There was still a dim possibility that Epistolary Melmoch’s appeal had reached out across the stars to a brother-Chapter. The Scourge rested his gauntlet on the angular edges of his gladius pommel. He had not entirely given up on the slim possibility that their kin could arrive to turn the tide. He hadn’t burdened his Fifth Company brothers with such damning hope, though suspected it already beat in the hearts of each and every one. Regardless of such mortal folly, the howling tsunami of hate surging across the burial grounds at them was theirs alone.
The dread expectation was palpable. With his enhanced hearing the Scourge could hear the creak of Certusian fingers against triggers, the rapid beating of hearts in serf-manned gun emplacements, and the deep and determined breathing of Excoriators in their battle-helms. Then he saw it. The first offerings of the darkness. Chaos martyrs. The Cholercaust meat shield. Bodies moved through the necroplex, racing towards Obsequa City, the battlement perimeter and certain death.

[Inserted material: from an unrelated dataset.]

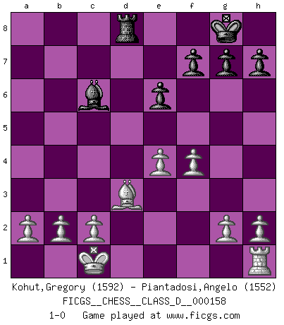 Last move : 1-0 2010 December 26 23:41:18 [Event "FICGS__CHESS__CLASS_D__000158"] [Site "FICGS"] [Date "2010.10.08"] [Round "1"] [White "Kohut,Gregory"] [Black "Piantadosi,Angelo"] [Result "1-0"] [WhiteElo "1592"] [BlackElo "1552"] 1.e4 c5 2.Nf3 Nc6 3.d4 cxd4 4.Nxd4 Nf6 5.Nc3 d6 6.Bg5 e6 7.Qd2 Be7 8.O-O-O O-O 9.f4 a6 10.Bxf6 Bxf6 11.Nxc6 bxc6 12.Qxd6 Qxd6 13.Rxd6 Rd8 14.Rxc6 Bxc3 15.Rxc3 Ra7 16.Rd3 Rad7 17.Rxd7 Bxd7 18.Bxa6 Bc6 19.Bd3 1-0 Sicilian defense Queenside Castling by player White (move 8) Kingside Castling by player Black (move 8) Player White won this chess game. Follow this game move after move (download)Chess is in its essence a game, in its form an art, and in its execution a science. (Baron Tassilo) Schach sollte überall auf der Welt Schulfach werden. Es fördert die geistige Auseinandersetzung. Es lehrt die Demut in der Niederlage. (Garry Kasparov) Todos los jugadores de Ajedrez deberían tener un pasatiempo. (Savielly Tartakower) 'L'échange des dames est un coup dur pour les deux adversaires...' Un journaliste lors d'une partie du match Spassky-Fischer A clear conscience is usually the sign of a bad memory. (Unknown)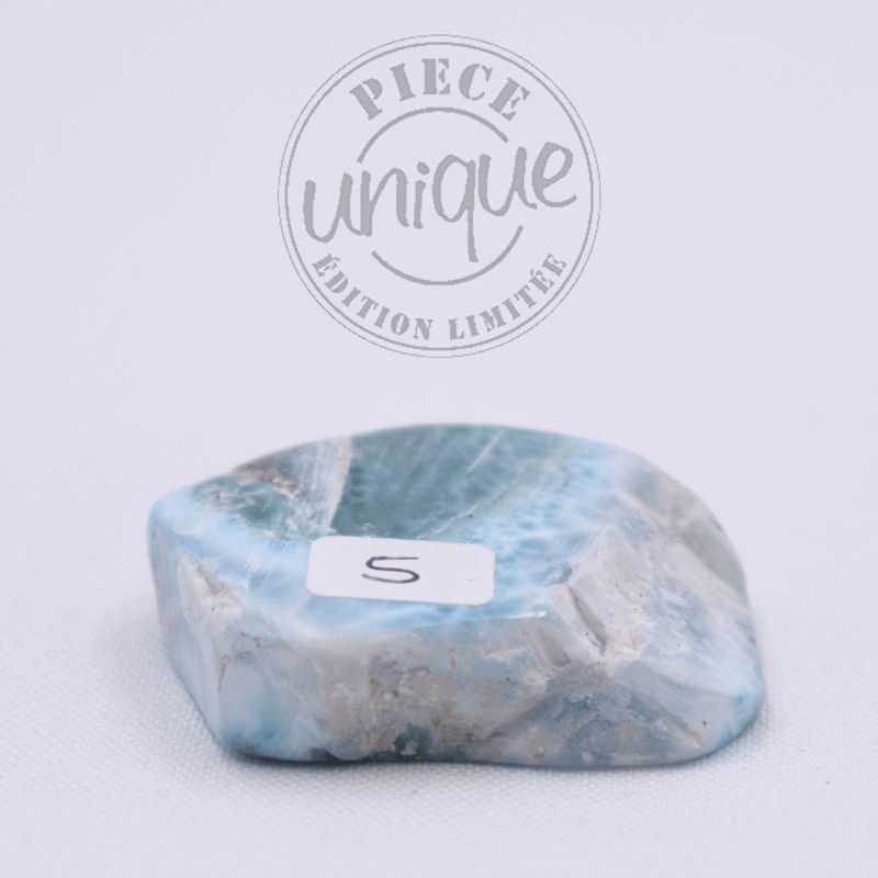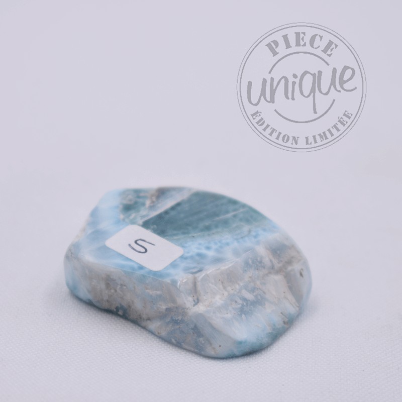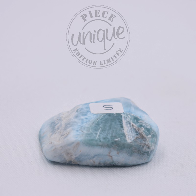 Es una piedra de una gran dulzura, de ternura. Su color apacigua, relaja. Es armonía, ligereza de ser. Tiene la cualidad de cazar los miedos, los temores, los sentimientos de culpa. Por su tono azul celeste, es anti estrés.

The Scourge swore. He recognised them immediately. Blood-crazed cemetery worlders. Victims of the gall-fever that had swept the planet in the wake of the Keeler Comet. Husbands, mothers, children. Certusians all. Drawn to Obsequa City like a plague of moths irresistibly summoned to a flame. Kersh felt their urge to kill across the graves. He felt the Charnel Guard and surviving members of the hastily created Certusian militia tighten at the sight of their kindred: neighbours, friends, family. He felt the bile rising within him, his hatred for the servants of darkness and their barbarous tactics. Over the vox-channel, the corpus-captain heard similar confirmations from along the line. The Thunderhawk Impunitas, circling high above the city, also reported incoming targets. Peering up into the sky, the corpus-captain watched the stars blink. He got the impression of an ungainly daemon-flock, thunderbolting above them on leathery wings.